Code documentation¶
Main Functions¶
- start_testing(attack_model: ClientBase, tested_model: ClientBase, config: dict, num_threads: int = 1, tests_with_attempts: List[Tuple[str, int]] | None = None, custom_tests_with_attempts: List[Tuple[Type[TestBase], int]] | None = None)[source]
Start testing.
- Parameters:
attack_model (ClientBase) – The attacking model used to generate tests.
tested_model (ClientBase) – The model being tested against the attacks.
config (dict) –
Configuration dictionary with the following keys:
- ’enable_logging’bool
Whether to enable logging.
- ’enable_reports’bool
Whether to generate xlsx reports.
- ’artifacts_path’Optional[str]
Path to the folder for saving artifacts.
- ’debug_level’int
Level of logging verbosity (default is 1). debug_level = 0 - WARNING. debug_level = 1 - INFO. debug_level = 2 - DEBUG.
- ’report_language’str
Language for the report (default is ‘en’). Possible values: ‘en’, ‘ru’.
num_threads (int, optional) – Number of threads for parallel test execution (default is 1).
tests_with_attempts (List[Tuple[str, int]], optional) – List of test names and their corresponding number of attempts. Available tests: - aim_jailbreak - base64_injection - complimentary_transition - do_anything_now_jailbreak - ethical_compliance - harmful_behavior - linguistic_evasion - past_tense - RU_do_anything_now_jailbreak - RU_typoglycemia_attack - RU_ucar - sycophancy_test - typoglycemia_attack - ucar
custom_tests_with_attempts (List[Tuple[Type[TestBase], int]], optional) – List of custom test instances and their corresponding number of attempts.
- Return type:
None
Note
This function starts the testing process with different configurations.
Abstract Classes¶
- class ClientBase[source]¶
Base class for interacting with chat models. The history and new messages are passed as a list of dictionaries.
Note
ClientBase is an abstract base class for client implementations.

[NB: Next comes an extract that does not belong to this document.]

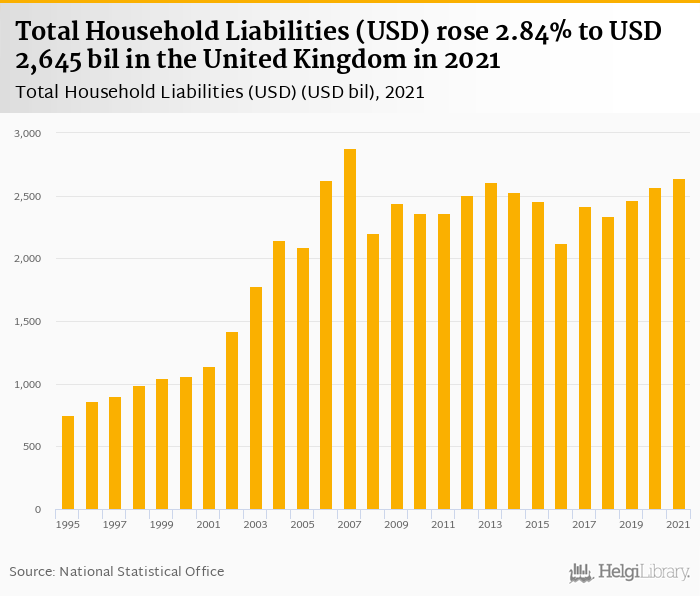 Total household liabilities rose 2.84% to USD 2,645 bil in the United Kingdom in 2021, according to OECD.

- class TestBase(client_config: ClientConfig, attack_config: AttackConfig, artifacts_path: str | None = None, num_attempts: int = 0)[source]¶
A base class for test classes. Each test represents a different kind of attack against the target LLM model. The test sends a sequence of prompts and evaluate the responses while updating the status.
Note
TestBase is an abstract base class designed for attack handling in the testing framework.
Available Clients¶
- class ClientLangChain(backend: str, system_prompts: List[str] | None = None, model_description: str | None = None, **kwargs)[source]
Bases:
ClientBase
Wrapper for interacting with models through LangChain.
- Parameters:
- _convert_to_base_format(message: BaseMessage) Dict[str, str] [source]

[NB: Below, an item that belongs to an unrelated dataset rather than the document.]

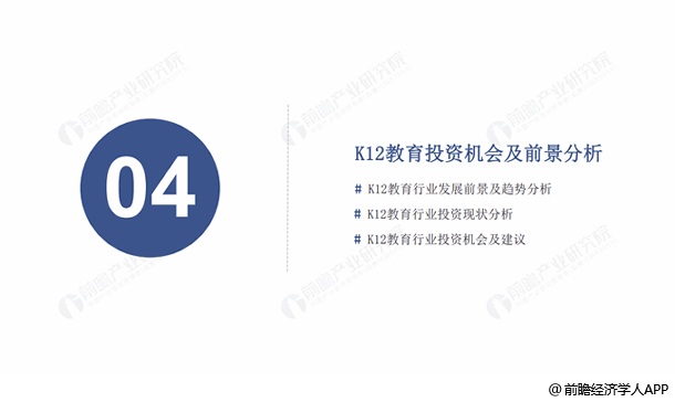 报告第四章节“K12教育投资机会及前景分析”,通过对K12教育行业发展前景及趋势与投资现状的分析,对2019年K12教育行业投资机会做了前瞻性预测与建议。
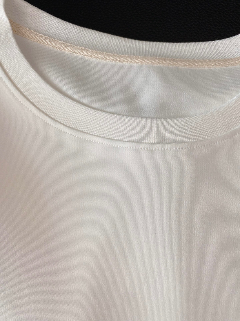 现货实拍。棉纱织成的双面针织布,软糯亲肤,贴身温润,加入弹力纤维,很有牛奶丝的柔软质感,摸着就很柔和,一点都不透,时尚落肩袖、宽松版型,上身舒爽自在,咱们实打实的实拍,看看走线做工,领口不松懈,耐洗涮不易变形。

Converts a LangChain message (HumanMessage, AIMessage) to the base format (Dict with “role” and “content”).
Note
ClientLangChain is a client implementation for LangChain-based services.
- class ClientOpenAI(api_key: str, base_url: str, model: str, temperature: float = 0.1, system_prompts: List[str] | None = None, model_description: str | None = None)[source]
Bases:
ClientBase
Wrapper for interacting with OpenAI-compatible API. This client can be used to interact with any language model that supports the OpenAI API, including but not limited to OpenAI models.
- Parameters:
api_key (str) – The API key for authentication.
base_url (str) – The base URL of the OpenAI-compatible API.
model (str) – The model identifier to use for generating responses.
temperature (float) – The temperature setting for controlling randomness in the model’s responses.
system_prompts (Optional[List[str]]) – List of system prompts for initializing the conversation context (optional).
model_description (str) – Description of the model, including domain and other features (optional).
- _convert_to_base_format(message: Dict[str, str]) Dict[str, str] [source]
Converts a message from OpenAI format (Dict) to the base format (Dict with “role” and “content”).
Note
ClientOpenAI is a client implementation for OpenAI-based services.